For the LangGraph example, this requirement should implement a local enterprise knowledge assistant. The graph should retrieve chunks from a small fixture corpus, rank and filter them, optionally refine the query when context is weak, generate a grounded answer with citations, and return "I don't know" or an insufficient-context status when the retrieved evidence does not support an answer.
Pattern Explanation
Conceptual Overview
RAG turns an LLM from a closed-book responder into an open-book responder. The model still writes the final answer, but first the application gives it relevant evidence from documents, databases, web pages, or other knowledge sources.
In Chapter 14, the important idea is that retrieval is not just keyword lookup. Modern RAG systems often use embeddings to represent text by meaning, then search for chunks whose vectors are semantically close to the user's query.
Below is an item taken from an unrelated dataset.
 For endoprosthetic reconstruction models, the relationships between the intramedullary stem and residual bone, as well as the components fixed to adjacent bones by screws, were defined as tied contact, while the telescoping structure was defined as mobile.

The retrieved context gives the model current or proprietary facts and gives users a way to verify the answer through sources.
Problem
LLMs can be outdated, unaware of private company data, and prone to confident factual errors. A model may not know the latest policy, product manual, inventory state, support article, or current-event detail. If the model answers without evidence, the user cannot easily verify where the information came from.
RAG solves this by making external knowledge retrieval a required step before generation. The graph can inspect what was retrieved, reject weak or irrelevant context, preserve citations, and constrain the model to answer only from available evidence.
When to Use
- Use this pattern when answers depend on current, proprietary, specialized, or frequently changing information.
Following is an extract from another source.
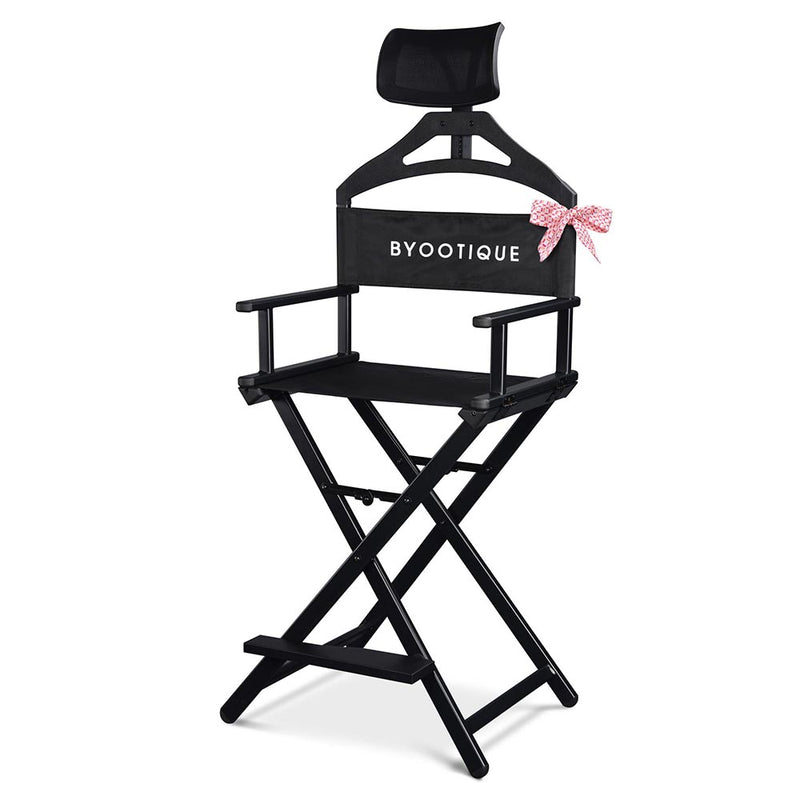 Enhance the comfort with the Byootique Tall Director Chair Makeup Artist Chair! With its ergonomic design, this chair takes care of your back and provides full support for your neck, shoulders, and feet. Its sturdy aluminum frame and X-shaped structure make it stable and sturdy, while also being foldable for easy carrying. Perfect for makeup artists, mobile mua and hairstylists for weddings, mobile salons and events.

- Use it for enterprise search, internal policy Q&A, customer-support answers, technical manuals, product documentation, legal or research lookup, and current-event summarization.
- Use it when responses need citations or source traceability.
- Use it when a small amount of relevant context is better than passing an entire document into the model.
- Use it when semantic similarity can find useful matches even if the user's wording differs from the source document.
- Use Agentic RAG when retrieval quality must be evaluated, conflicting sources must be reconciled, or complex questions require multiple sub-queries.
- Use GraphRAG when the answer depends on explicit relationships between entities across multiple documents.
When Not to Use
- Avoid this pattern when the answer is already fully present in the user input or deterministic application state.
- Avoid it when a static prompt, simple rule, or direct database query is enough.
- Avoid RAG when the knowledge base is too stale, incomplete, or poorly governed to be trusted.
- Avoid returning an answer when retrieved chunks are below the relevance threshold or do not contain the needed evidence.
- Avoid using RAG as a substitute for permissions, privacy controls, or source-quality review.
- Avoid complex Agentic RAG or GraphRAG when standard top-k retrieval is accurate enough and latency matters.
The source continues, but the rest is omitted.